- [Records supplied]:
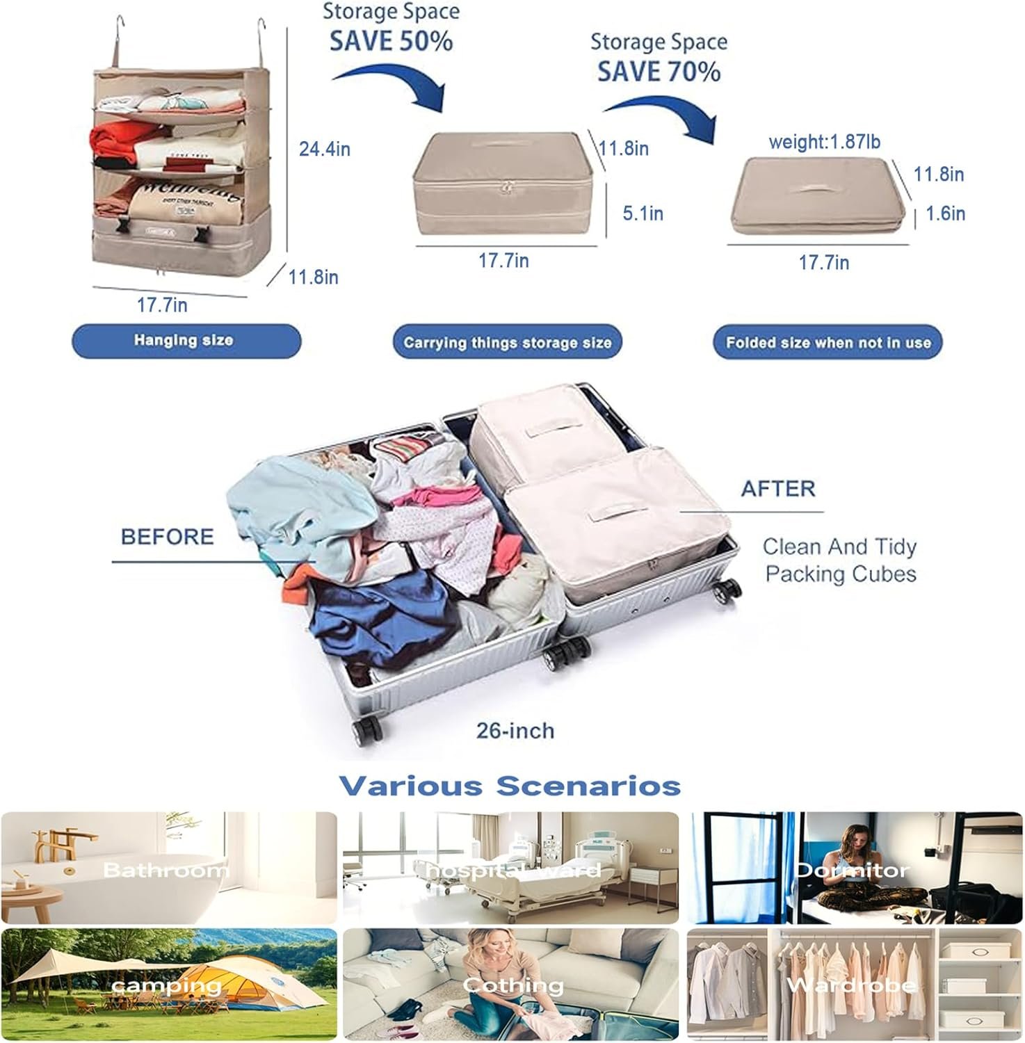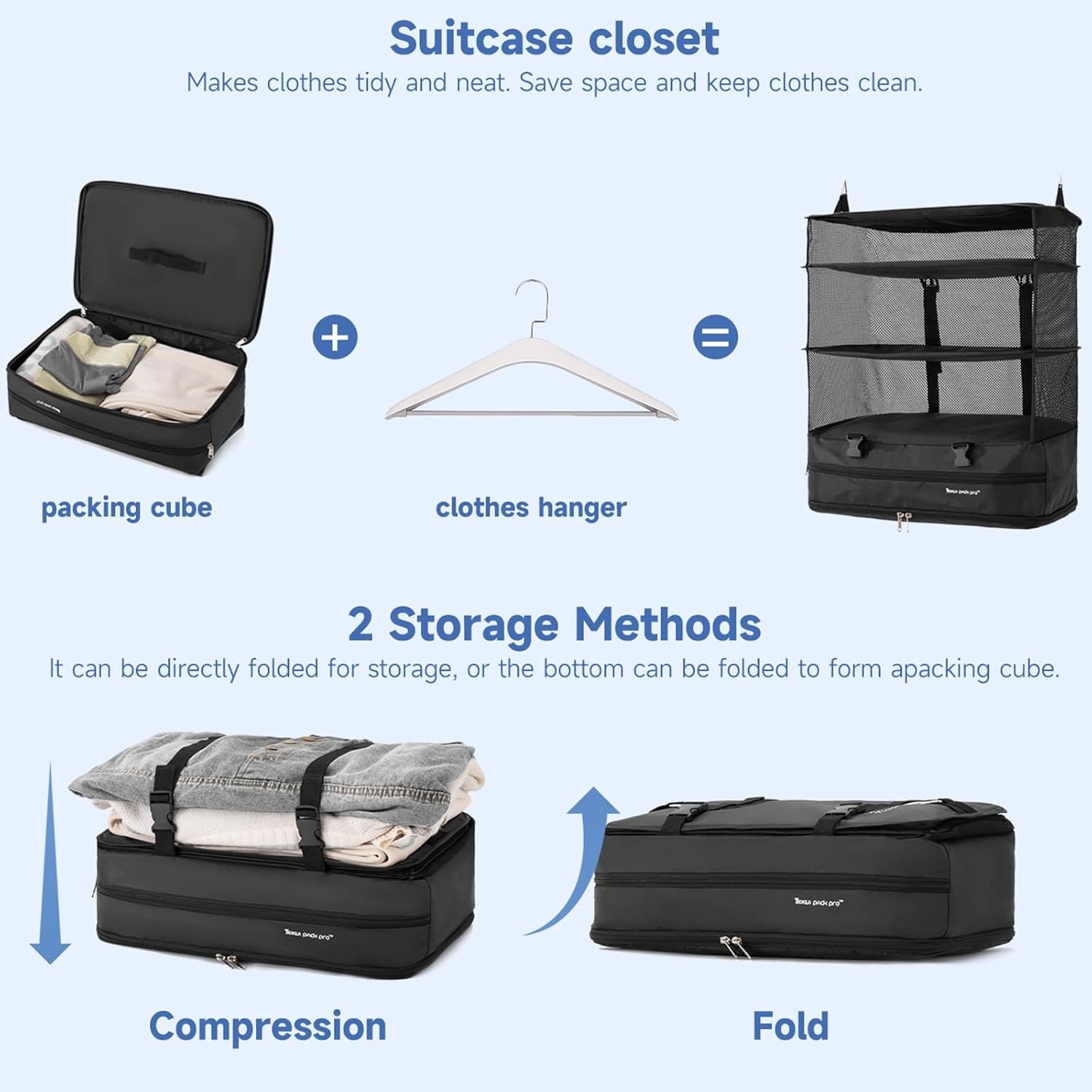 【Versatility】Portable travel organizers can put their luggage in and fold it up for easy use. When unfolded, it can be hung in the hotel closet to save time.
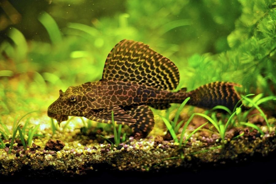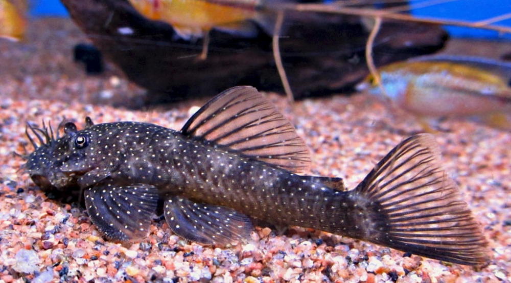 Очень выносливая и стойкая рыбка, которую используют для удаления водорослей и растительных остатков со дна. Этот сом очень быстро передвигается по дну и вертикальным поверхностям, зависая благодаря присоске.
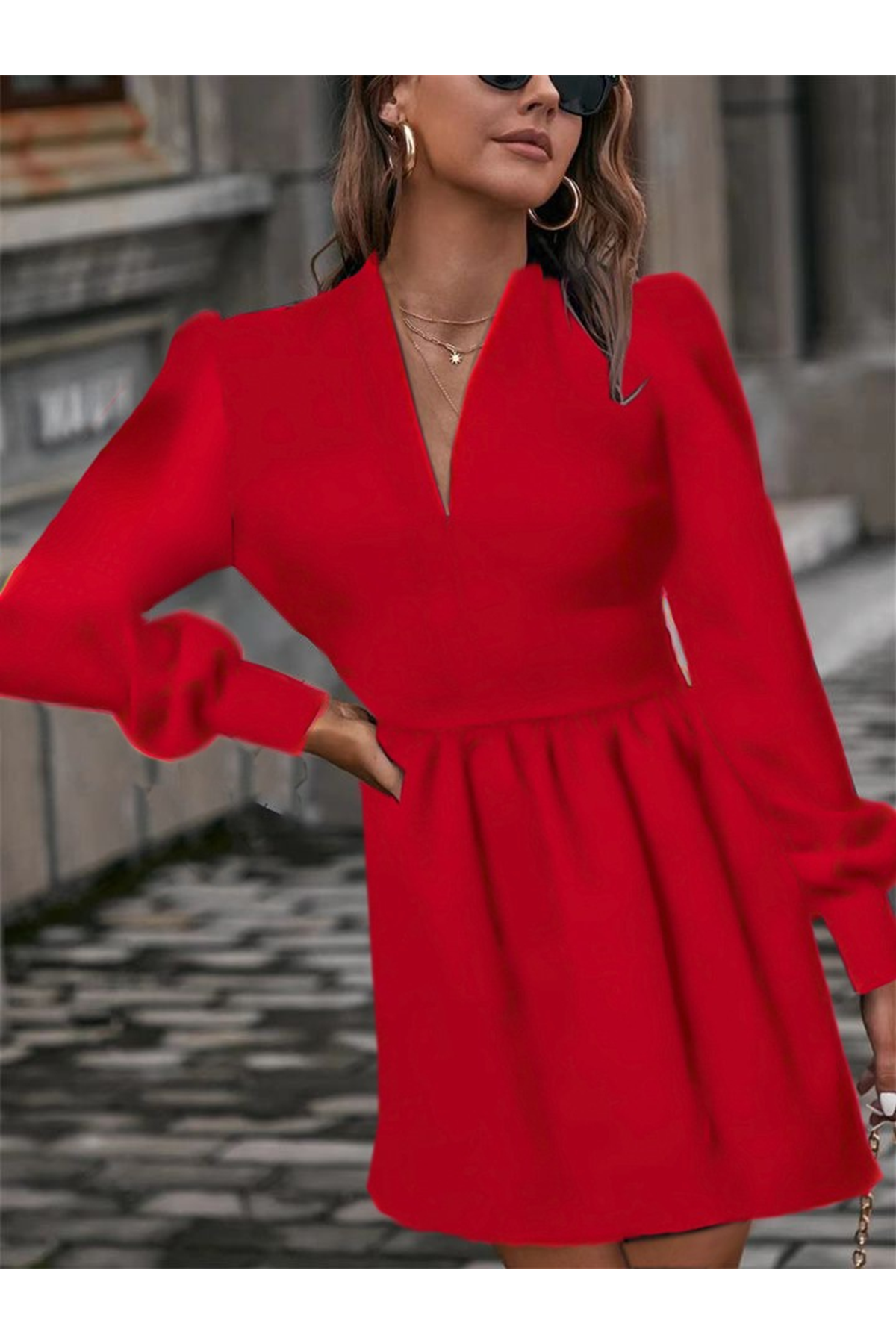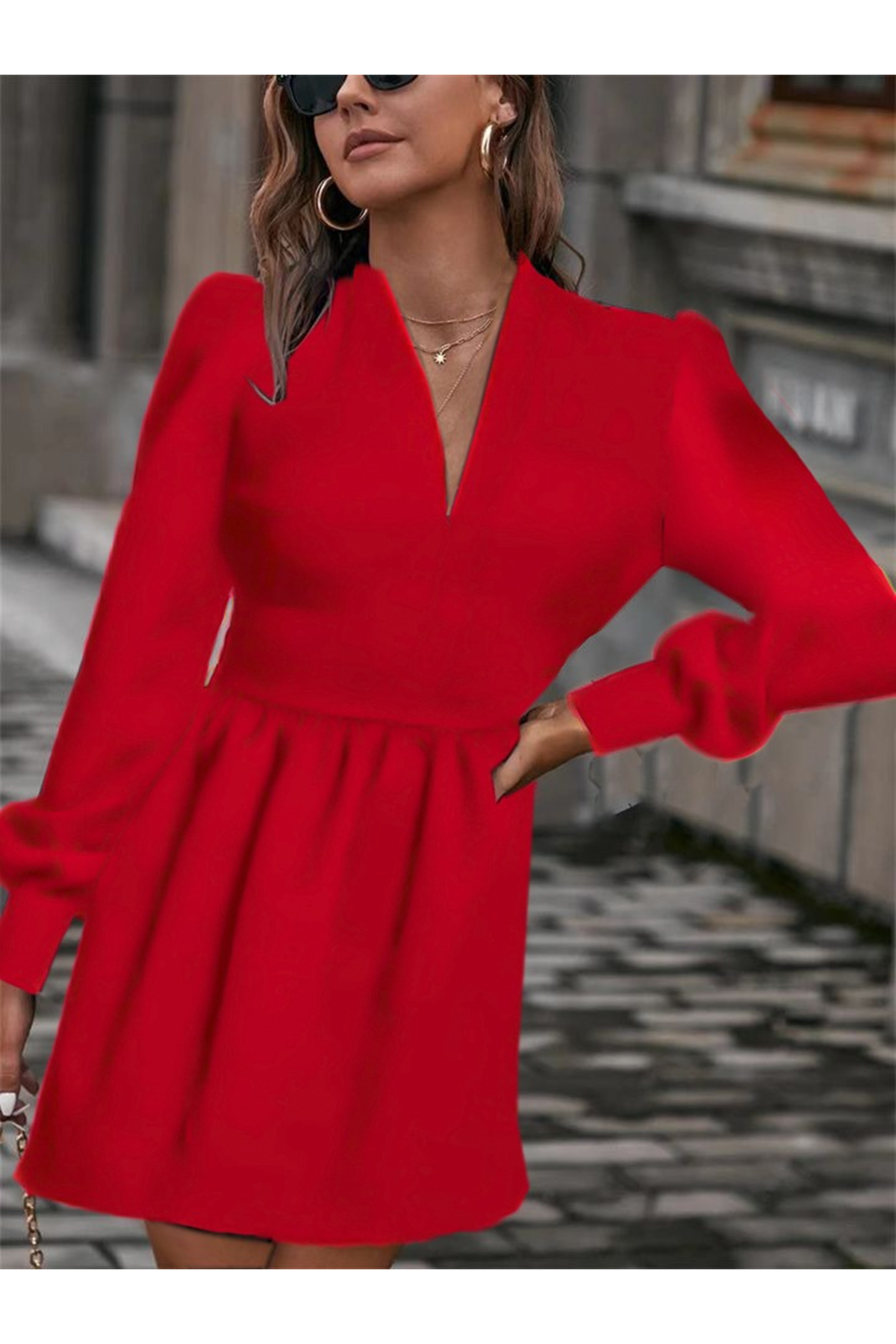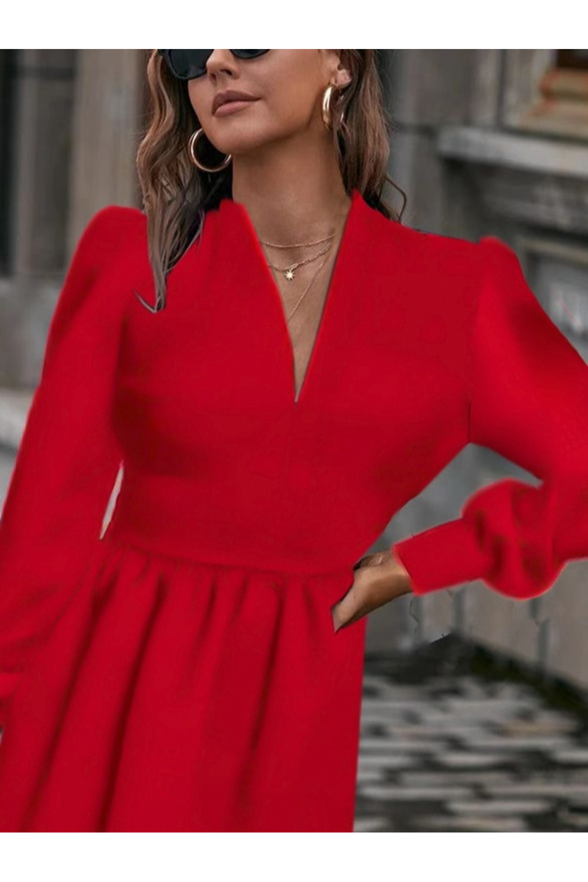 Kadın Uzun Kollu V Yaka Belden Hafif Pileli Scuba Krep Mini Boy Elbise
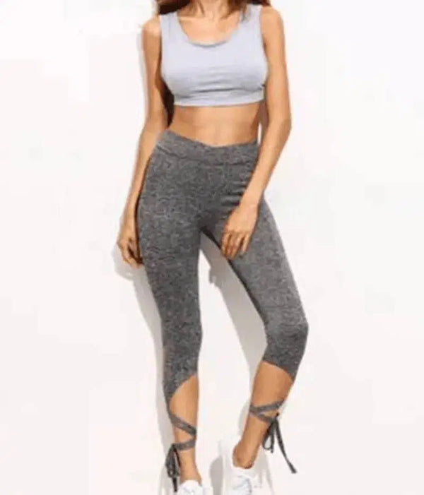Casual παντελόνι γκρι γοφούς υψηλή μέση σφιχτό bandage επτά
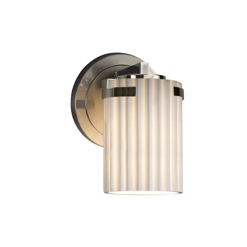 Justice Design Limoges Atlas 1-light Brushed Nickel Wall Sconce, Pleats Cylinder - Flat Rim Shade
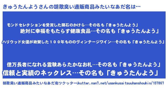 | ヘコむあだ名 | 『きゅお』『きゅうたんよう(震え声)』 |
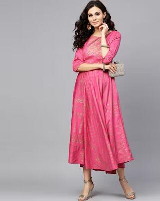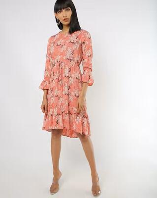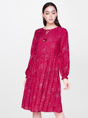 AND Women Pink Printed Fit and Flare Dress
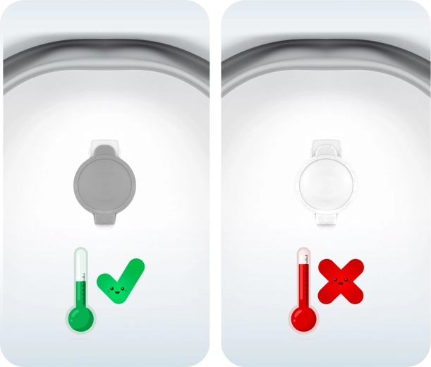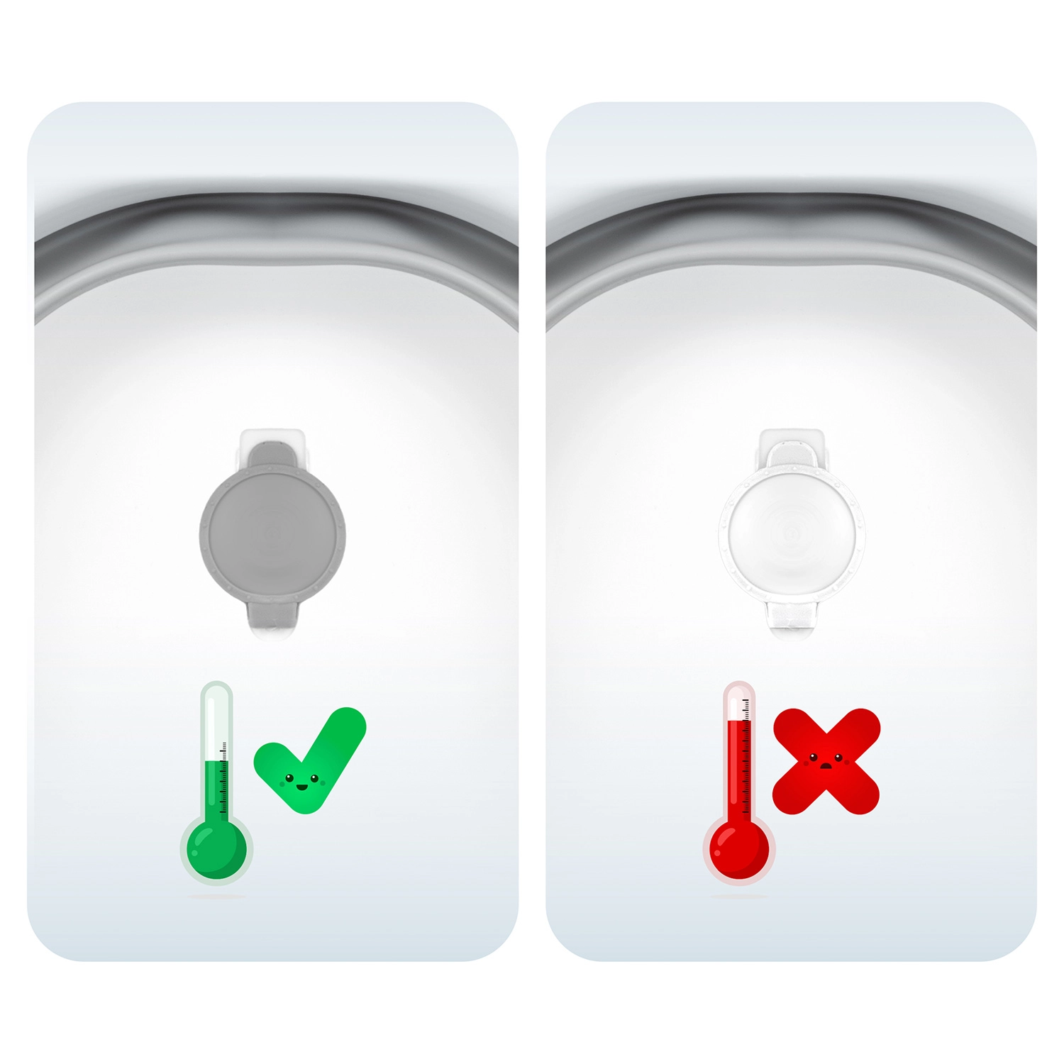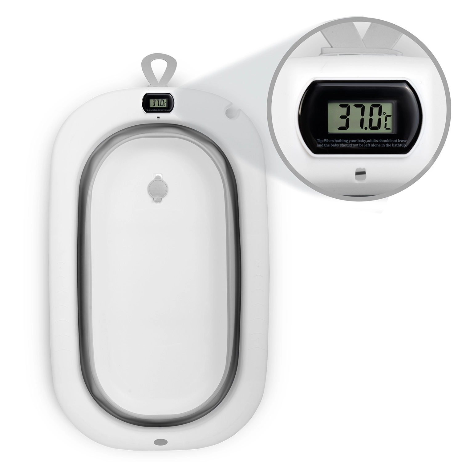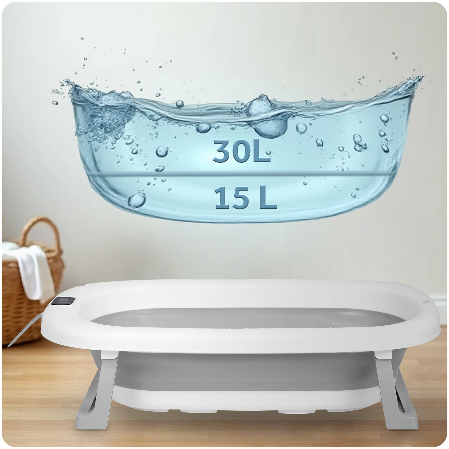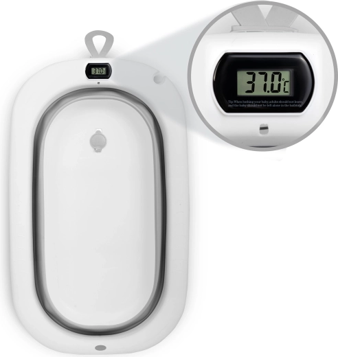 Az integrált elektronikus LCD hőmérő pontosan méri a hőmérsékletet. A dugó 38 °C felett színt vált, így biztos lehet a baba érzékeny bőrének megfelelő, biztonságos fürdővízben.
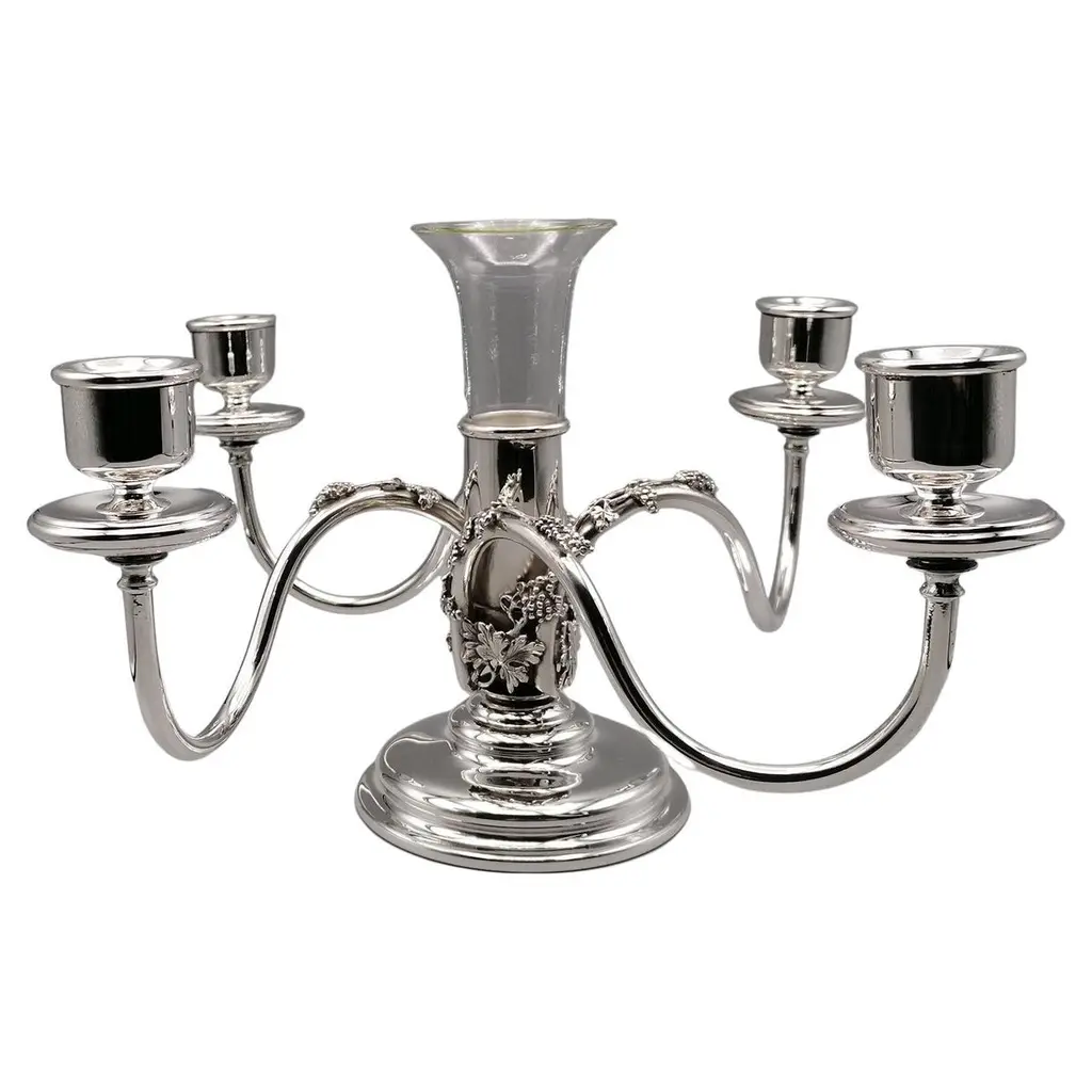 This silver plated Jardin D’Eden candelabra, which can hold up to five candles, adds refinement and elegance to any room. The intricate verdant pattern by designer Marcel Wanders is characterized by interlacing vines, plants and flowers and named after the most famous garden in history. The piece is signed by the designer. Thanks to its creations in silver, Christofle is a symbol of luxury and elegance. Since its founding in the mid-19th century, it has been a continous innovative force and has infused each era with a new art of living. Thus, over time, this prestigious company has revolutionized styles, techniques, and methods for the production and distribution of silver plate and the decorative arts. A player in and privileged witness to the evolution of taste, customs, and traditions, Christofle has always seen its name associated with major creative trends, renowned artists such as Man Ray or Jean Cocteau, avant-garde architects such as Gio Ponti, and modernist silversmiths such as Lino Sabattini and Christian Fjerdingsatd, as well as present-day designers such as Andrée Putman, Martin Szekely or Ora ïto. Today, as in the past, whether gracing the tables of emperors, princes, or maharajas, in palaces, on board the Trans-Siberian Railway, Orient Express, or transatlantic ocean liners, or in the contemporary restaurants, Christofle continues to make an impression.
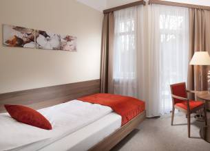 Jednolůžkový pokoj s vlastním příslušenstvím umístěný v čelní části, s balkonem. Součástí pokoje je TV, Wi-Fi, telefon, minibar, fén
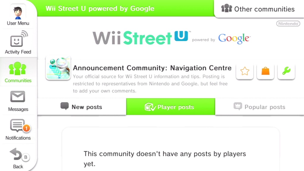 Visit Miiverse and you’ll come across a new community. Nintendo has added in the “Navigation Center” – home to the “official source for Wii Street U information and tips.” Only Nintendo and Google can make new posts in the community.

- [Exercise instructions]:
Write out every record above exactly as it stands, but leave out the pictures.

- [Solution to the problem]:
 【Versatility】Portable travel organizers can put their luggage in and fold it up for easy use. When unfolded, it can be hung in the hotel closet to save time.
 Очень выносливая и стойкая рыбка, которую используют для удаления водорослей и растительных остатков со дна. Этот сом очень быстро передвигается по дну и вертикальным поверхностям, зависая благодаря присоске.
 Kadın Uzun Kollu V Yaka Belden Hafif Pileli Scuba Krep Mini Boy Elbise
Casual παντελόνι γκρι γοφούς υψηλή μέση σφιχτό bandage επτά
 Justice Design Limoges Atlas 1-light Brushed Nickel Wall Sconce, Pleats Cylinder - Flat Rim Shade
 | ヘコむあだ名 | 『きゅお』『きゅうたんよう(震え声)』 |
 AND Women Pink Printed Fit and Flare Dress
 Az integrált elektronikus LCD hőmérő pontosan méri a hőmérsékletet. A dugó 38 °C felett színt vált, így biztos lehet a baba érzékeny bőrének megfelelő, biztonságos fürdővízben.
 This silver plated Jardin D’Eden candelabra, which can hold up to five candles, adds refinement and elegance to any room. The intricate verdant pattern by designer Marcel Wanders is characterized by interlacing vines, plants and flowers and named after the most famous garden in history. The piece is signed by the designer. Thanks to its creations in silver, Christofle is a symbol of luxury and elegance. Since its founding in the mid-19th century, it has been a continous innovative force and has infused each era with a new art of living. Thus, over time, this prestigious company has revolutionized styles, techniques, and methods for the production and distribution of silver plate and the decorative arts. A player in and privileged witness to the evolution of taste, customs, and traditions, Christofle has always seen its name associated with major creative trends, renowned artists such as Man Ray or Jean Cocteau, avant-garde architects such as Gio Ponti, and modernist silversmiths such as Lino Sabattini and Christian Fjerdingsatd, as well as present-day designers such as Andrée Putman, Martin Szekely or Ora ïto. Today, as in the past, whether gracing the tables of emperors, princes, or maharajas, in palaces, on board the Trans-Siberian Railway, Orient Express, or transatlantic ocean liners, or in the contemporary restaurants, Christofle continues to make an impression.
 Jednolůžkový pokoj s vlastním příslušenstvím umístěný v čelní části, s balkonem. Součástí pokoje je TV, Wi-Fi, telefon, minibar, fén
 Visit Miiverse and you’ll come across a new community. Nintendo has added in the “Navigation Center” – home to the “official source for Wii Street U information and tips.” Only Nintendo and Google can make new posts in the community.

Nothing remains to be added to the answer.